Context is Key: The Significance of RAG in Language Models

Abhinav Kimothi
4 min readDec 3, 2023

30th November, 2022 will be remembered as the watershed moment in artificial intelligence. OpenAI released ChatGPT and the world was mesmerised. Interest in previously obscure terms like Generative AI and Large Language Models (LLMs), was unstoppable over the following 12 months.

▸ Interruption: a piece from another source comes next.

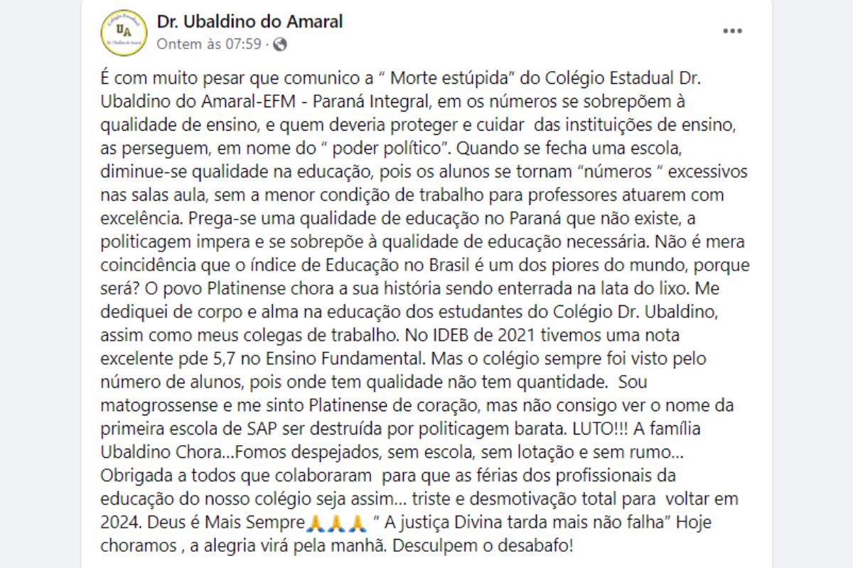 Em texto publicado em uma página da escola em uma rede social, o encerramento das atividades é duramente criticado. “É com muito pesar que comunico a “morte estúpida” do Colégio Estadual Dr. Ubaldino do Amaral-EFM – Paraná Integral, em [que] os números se sobrepõem à qualidade de ensino, e quem deveria proteger e cuidar das instituições de ensino, as perseguem, em nome do “ poder político”. Fomos despejados, sem escola, sem lotação e sem rumo”, diz a postagem.

Google Trends — Interest Over Time (Nov’22 to Nov’23)

The Curse Of The LLMs

As usage exploded, so did the expectations. Many users started using ChatGPT as a source of information, like an alternative to Google. As a result, they also started encountering prominent weaknesses of the system. Concerns around copyright, privacy, security, ability to do mathematical calculations etc. aside, people realised that there are two major limitations of Large Language Models.

The curse of the LLMs

Users look at LLMs for knowledge and wisdom, yet LLMs are sophisticated predictors of what word comes next.

The Hunger For More

While the weaknesses of LLMs were being discussed, a parallel discourse around providing context to the models started. In essence, it meant creating a ChatGPT on proprietary data.

The Challenge

  • Make LLMs respond with up-to-date information
  • Make LLMs not respond with factually inaccurate information
  • Make LLMs aware of proprietary information

Providing Context

While model re-training/fine-tuning/reinforcement learning are options that solve the aforementioned challenges, these approaches are time-consuming and costly. In majority of the use-case, these costs are prohibitive.

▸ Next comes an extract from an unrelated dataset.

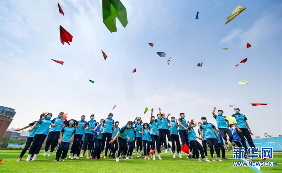 6月22日,河北省邯郸市邯山区第一中学的高三学生将写有自己梦想的纸飞机抛向空中。2020年高考临近,河北省邯郸市邯山区第一中学在积极做好高三学生复习备考的同时,开展多种形式的减压活动,帮助学生释放紧张情绪。新华社记者王晓摄

In May 2020, researchers in their paper “Retrieval-Augmented Generation for Knowledge-Intensive NLP Tasks” explored models which combine pre-trained parametric and non-parametric memory for language generation.

So, What is RAG?

In 2023, RAG has become one of the most used technique in the domain of Large Language Models.

User writes a prompt or a query that is passed to an orchestrator

Orchestrator sends a search query to the retriever

Retriever fetches the relevant information from the knowledge sources and sends back

Orchestrator augments the prompt with the context and sends to the LLM

LLM responds with the generated text which is displayed to the user via the orchestrator

How does RAG help?

Unlimited Knowledge

The Retriever of an RAG system can have access to external sources of information. Therefore, the LLM is not limited to its internal knowledge. The external sources can be proprietary documents and data or even the internet.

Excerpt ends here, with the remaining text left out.